**WHAT YOU WILL DO:** The whole listing, please: repeat it exactly, with the pictures left out.

**DATA BLOCK:**

※ ※ ※

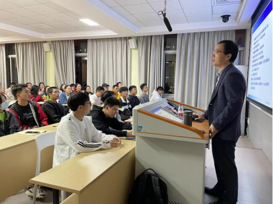副院长徐雪松教授就学院的发展历史、师资力量、科研平台、教学软硬件条件等向同学们作了详细介绍,使同学们了解到前沿交叉学院是在陈晓红院士引领下,面向国家重大需求、面向经济主战场,聚集海内外优秀人才,开展前瞻性创新性研究的学院。接着,他就工业智能专业的由来、专业设置等向同学们进行了阐述,使同学们认识到工业智能专业是新时代数字经济发展下产生的新专业,融合了智能制造和人工智能新技术,具有广阔的前景。
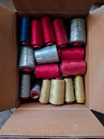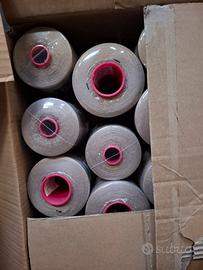 rocche di filo poliestere 120 per tagliacuci da 10000 metri. vari colori . parecchie rocche sigillate, altre iniziate
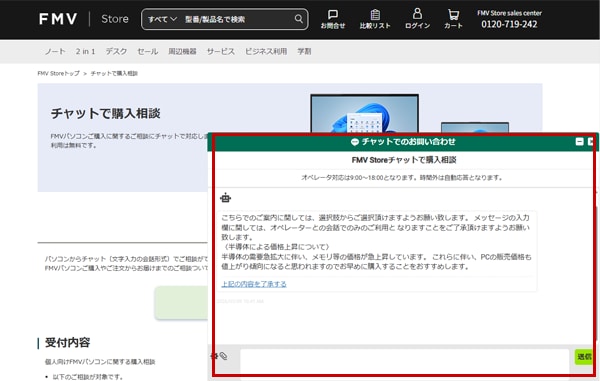FMVパソコンご購入に関するご相談にチャットで対応します。お気軽にご利用ください。ご利用は無料です。
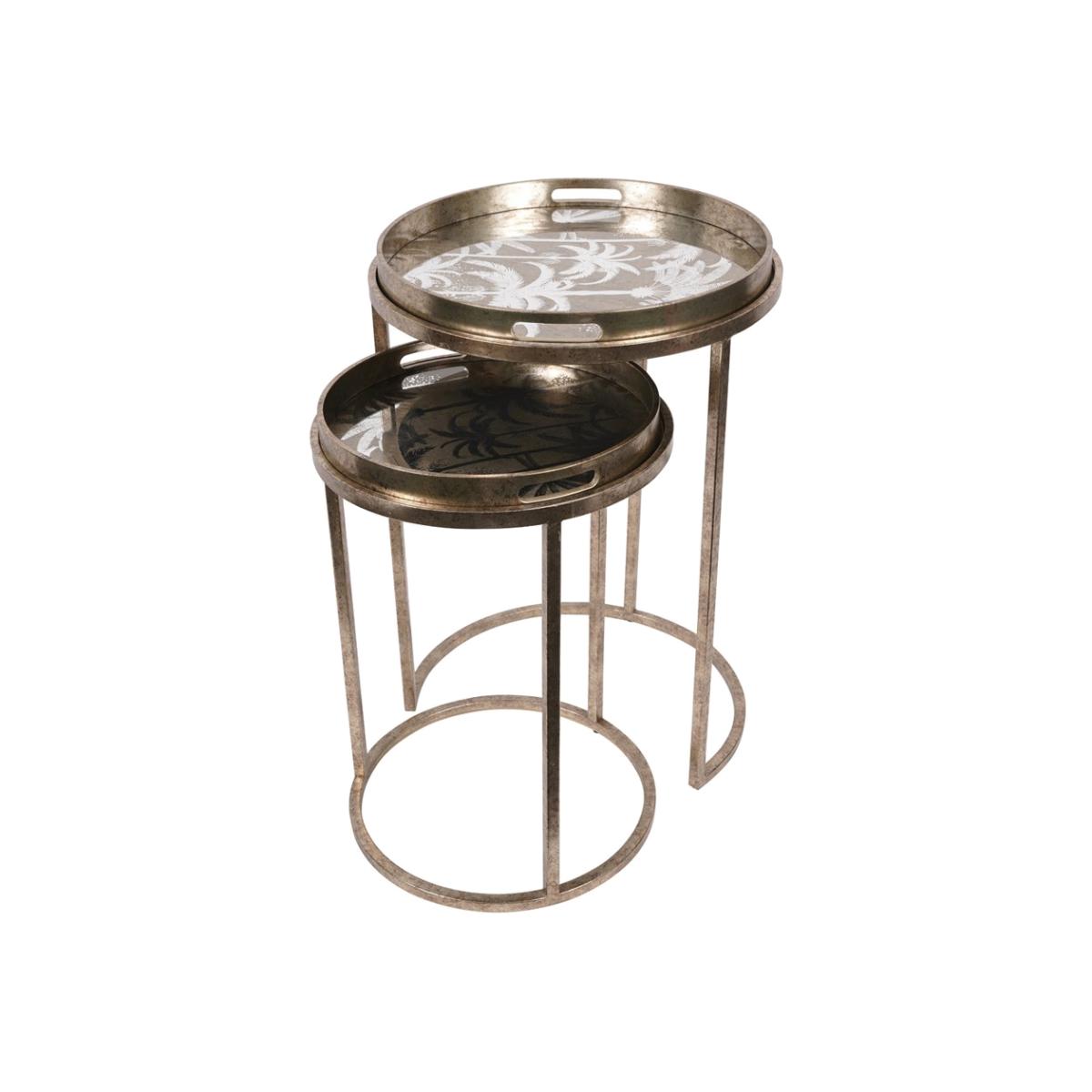 Add a touch of glamour to your living room with the Libra Interiors Palm Tree Set of 2 Side Tray Tables. These side tray tables feature a gold-finished metal frame with mirrored tops, creating a luxurious and exotic look. Whether used as side tables or serving trays, they add functionality and style to any space. Crafted from high-quality materials, they are both durable and stylish. Whether placed next to a sofa or armchair, the Palm Tree Side Tray Tables are sure to impress your guests. Elevate your home decor with the chic and glamorous design of these side tables from Libra Interiors.

※ ※ ※

**ANSWER TO THIS TASK:**
副院长徐雪松教授就学院的发展历史、师资力量、科研平台、教学软硬件条件等向同学们作了详细介绍,使同学们了解到前沿交叉学院是在陈晓红院士引领下,面向国家重大需求、面向经济主战场,聚集海内外优秀人才,开展前瞻性创新性研究的学院。接着,他就工业智能专业的由来、专业设置等向同学们进行了阐述,使同学们认识到工业智能专业是新时代数字经济发展下产生的新专业,融合了智能制造和人工智能新技术,具有广阔的前景。
 rocche di filo poliestere 120 per tagliacuci da 10000 metri. vari colori . parecchie rocche sigillate, altre iniziate
FMVパソコンご購入に関するご相談にチャットで対応します。お気軽にご利用ください。ご利用は無料です。
 Add a touch of glamour to your living room with the Libra Interiors Palm Tree Set of 2 Side Tray Tables. These side tray tables feature a gold-finished metal frame with mirrored tops, creating a luxurious and exotic look. Whether used as side tables or serving trays, they add functionality and style to any space. Crafted from high-quality materials, they are both durable and stylish. Whether placed next to a sofa or armchair, the Palm Tree Side Tray Tables are sure to impress your guests. Elevate your home decor with the chic and glamorous design of these side tables from Libra Interiors.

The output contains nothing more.